(WORK TO COMPLETE)
Print the listing below exactly, images excluded.

(EXERCISE DATA)
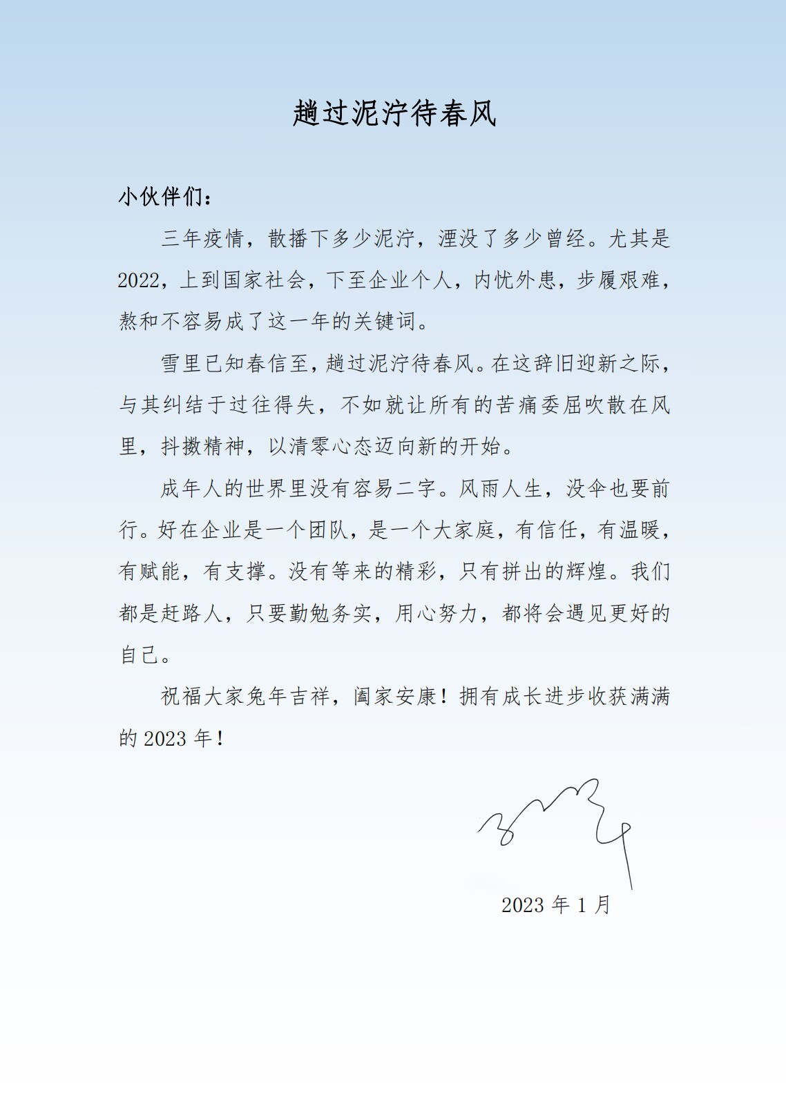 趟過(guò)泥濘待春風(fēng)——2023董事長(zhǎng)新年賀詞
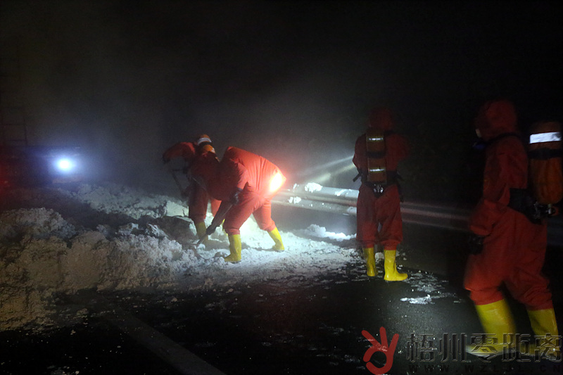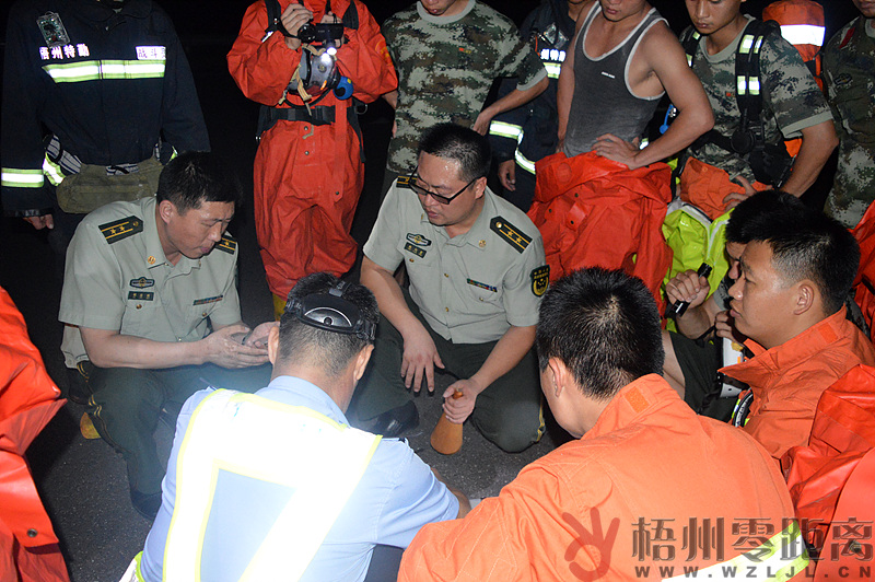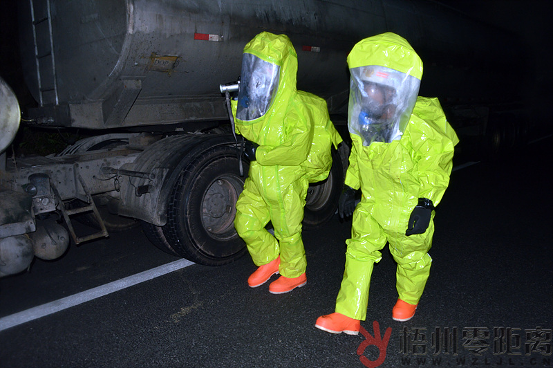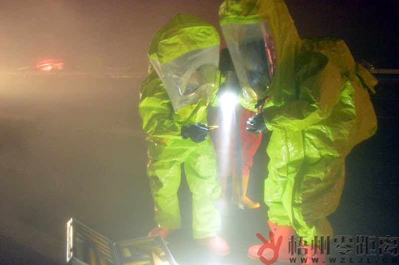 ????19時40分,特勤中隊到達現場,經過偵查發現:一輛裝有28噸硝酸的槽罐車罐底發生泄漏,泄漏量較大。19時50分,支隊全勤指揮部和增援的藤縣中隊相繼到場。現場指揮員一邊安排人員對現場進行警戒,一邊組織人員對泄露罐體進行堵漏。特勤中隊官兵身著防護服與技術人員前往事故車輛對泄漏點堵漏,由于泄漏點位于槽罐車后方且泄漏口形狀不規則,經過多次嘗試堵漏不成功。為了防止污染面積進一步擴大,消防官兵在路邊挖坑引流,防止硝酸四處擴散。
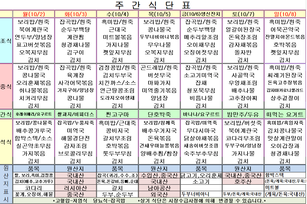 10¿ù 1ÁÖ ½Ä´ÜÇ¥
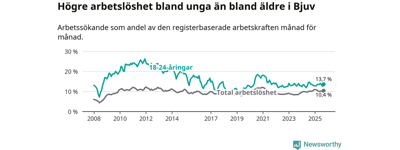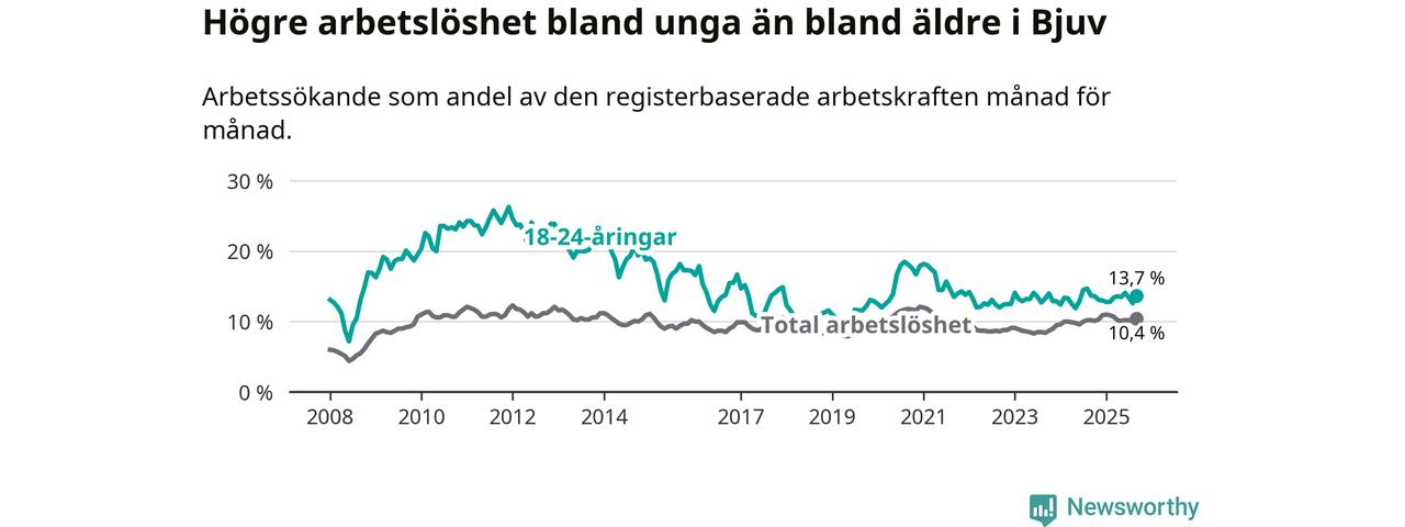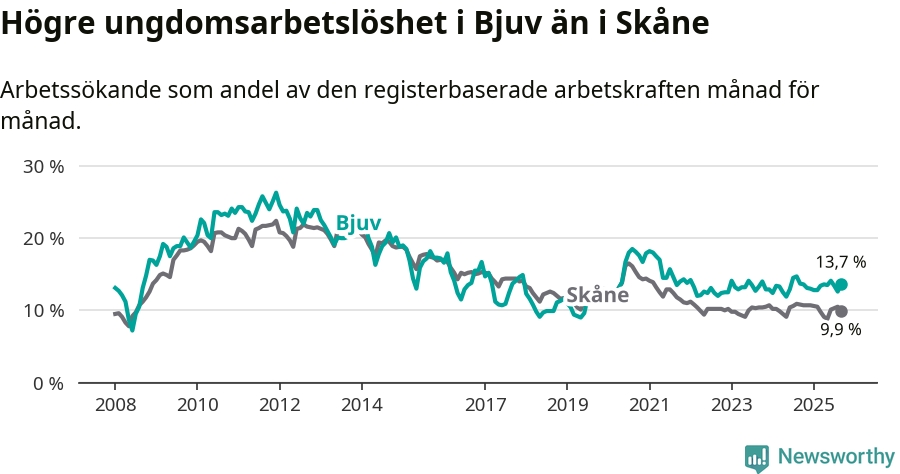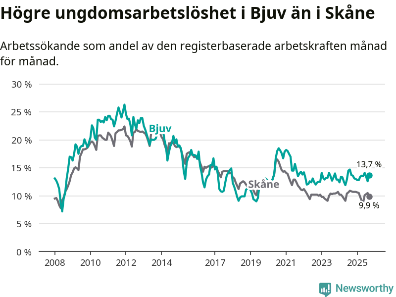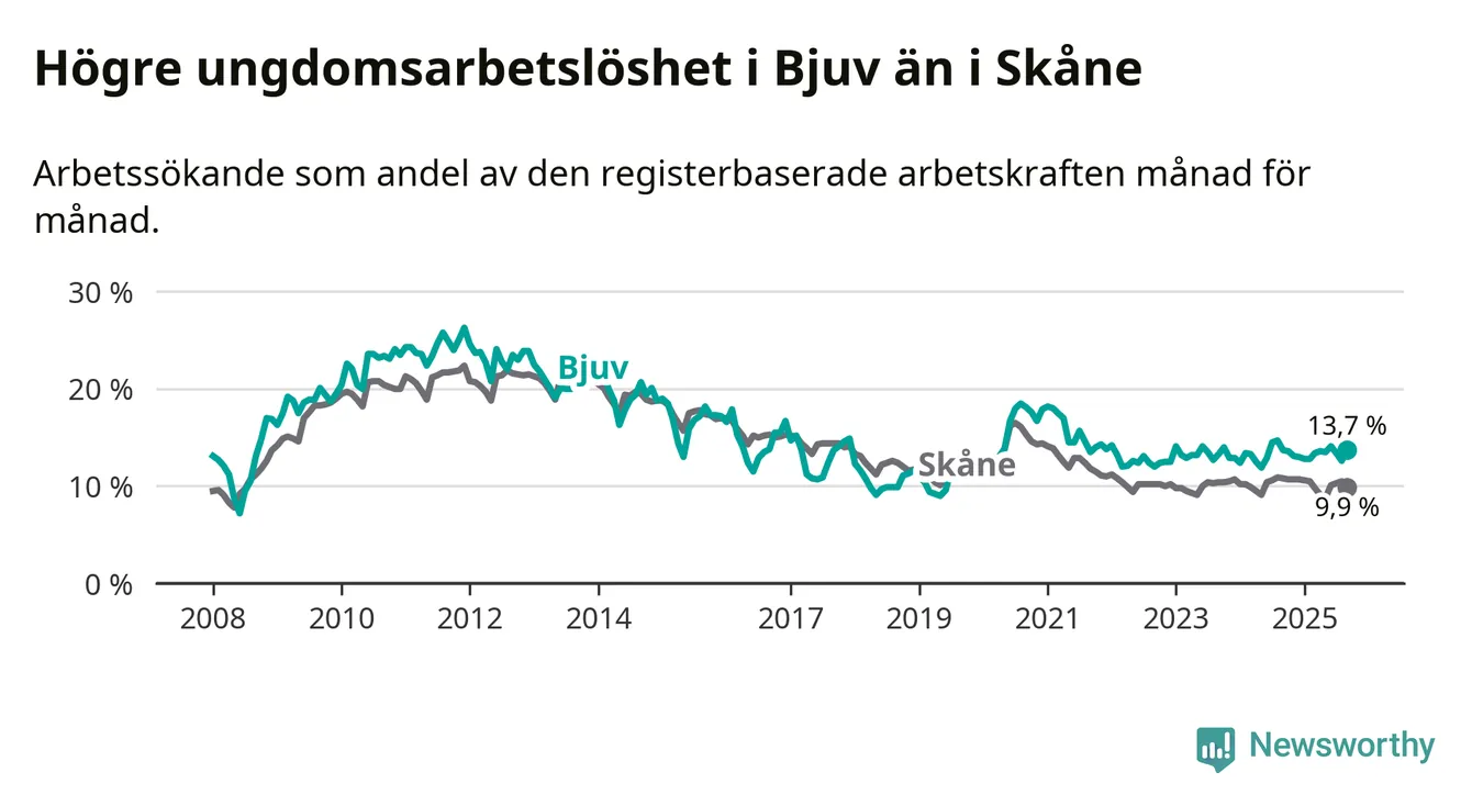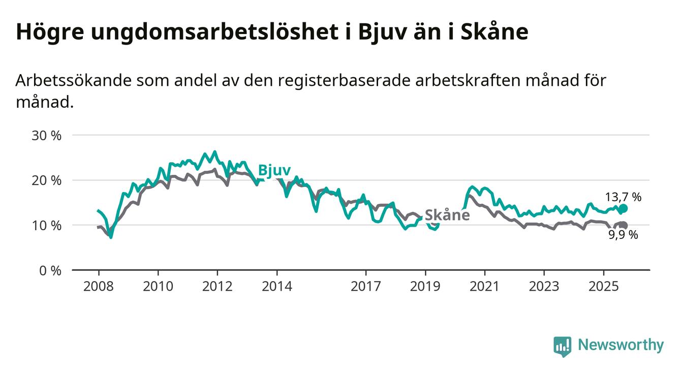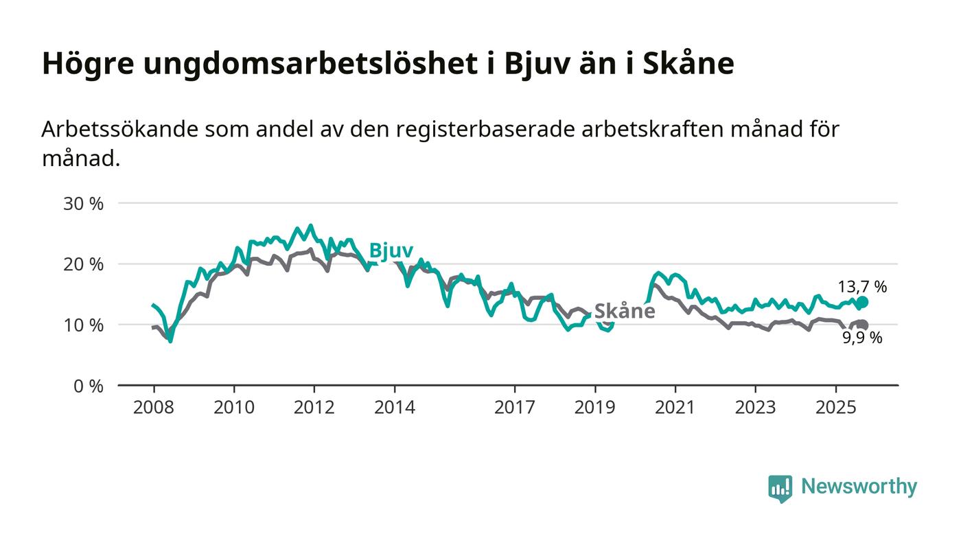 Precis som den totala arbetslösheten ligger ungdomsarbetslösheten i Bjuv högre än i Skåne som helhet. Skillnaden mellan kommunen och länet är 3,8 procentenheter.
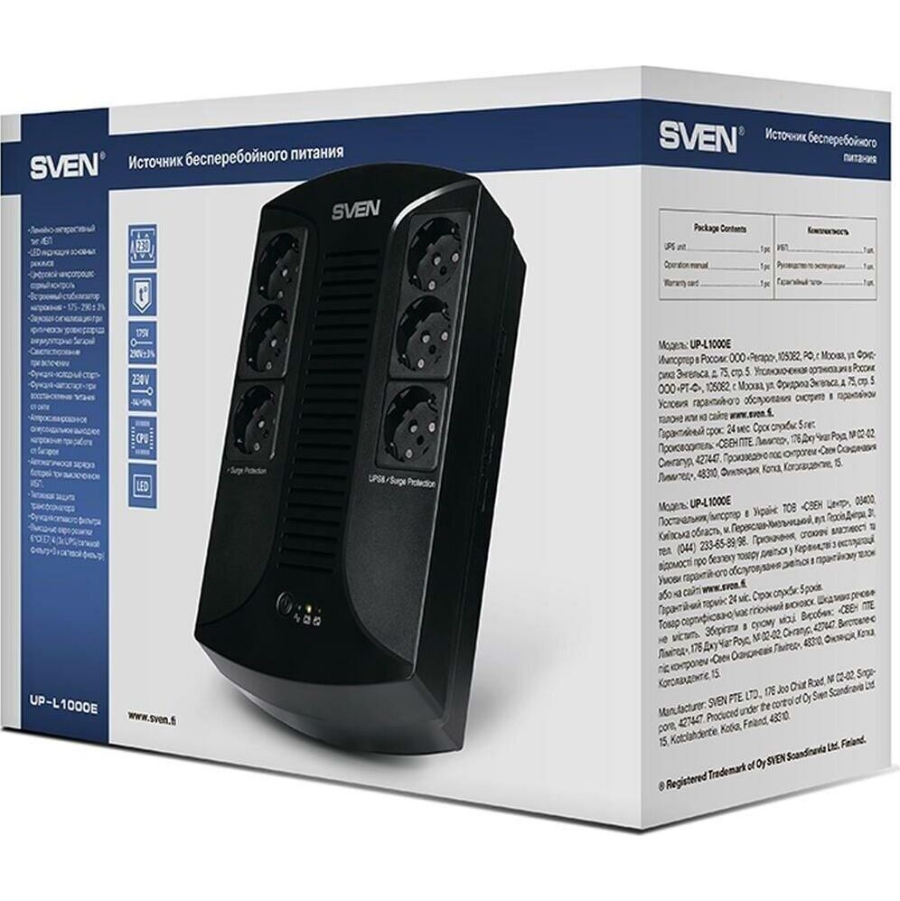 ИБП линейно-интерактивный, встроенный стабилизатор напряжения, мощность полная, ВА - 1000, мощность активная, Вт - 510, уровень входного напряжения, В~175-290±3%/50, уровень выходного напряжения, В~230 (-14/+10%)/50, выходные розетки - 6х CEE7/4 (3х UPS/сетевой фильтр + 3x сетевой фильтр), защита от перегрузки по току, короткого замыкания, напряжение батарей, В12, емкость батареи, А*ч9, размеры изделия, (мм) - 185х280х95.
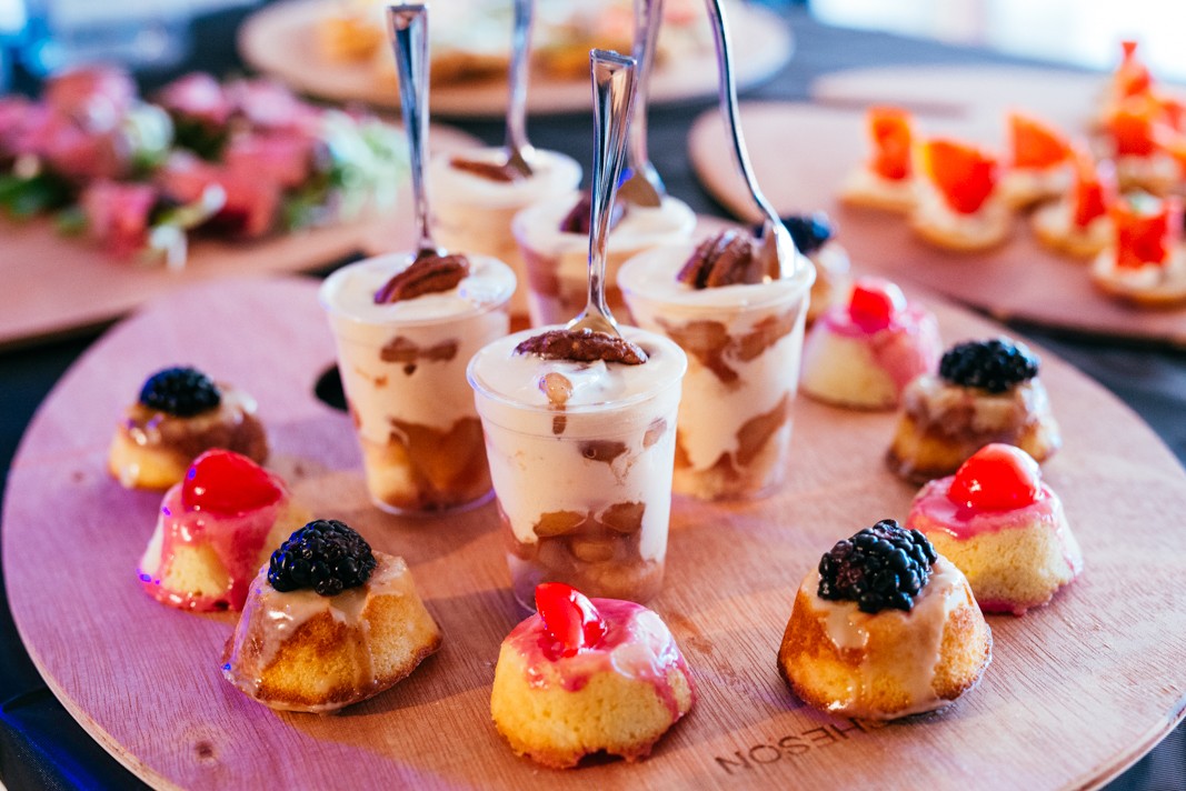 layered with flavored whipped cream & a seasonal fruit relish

(TASK SOLUTION)
 趟過(guò)泥濘待春風(fēng)——2023董事長(zhǎng)新年賀詞
 ????19時40分,特勤中隊到達現場,經過偵查發現:一輛裝有28噸硝酸的槽罐車罐底發生泄漏,泄漏量較大。19時50分,支隊全勤指揮部和增援的藤縣中隊相繼到場。現場指揮員一邊安排人員對現場進行警戒,一邊組織人員對泄露罐體進行堵漏。特勤中隊官兵身著防護服與技術人員前往事故車輛對泄漏點堵漏,由于泄漏點位于槽罐車后方且泄漏口形狀不規則,經過多次嘗試堵漏不成功。為了防止污染面積進一步擴大,消防官兵在路邊挖坑引流,防止硝酸四處擴散。
 10¿ù 1ÁÖ ½Ä´ÜÇ¥
 Precis som den totala arbetslösheten ligger ungdomsarbetslösheten i Bjuv högre än i Skåne som helhet. Skillnaden mellan kommunen och länet är 3,8 procentenheter.
 ИБП линейно-интерактивный, встроенный стабилизатор напряжения, мощность полная, ВА - 1000, мощность активная, Вт - 510, уровень входного напряжения, В~175-290±3%/50, уровень выходного напряжения, В~230 (-14/+10%)/50, выходные розетки - 6х CEE7/4 (3х UPS/сетевой фильтр + 3x сетевой фильтр), защита от перегрузки по току, короткого замыкания, напряжение батарей, В12, емкость батареи, А*ч9, размеры изделия, (мм) - 185х280х95.
 layered with flavored whipped cream & a seasonal fruit relish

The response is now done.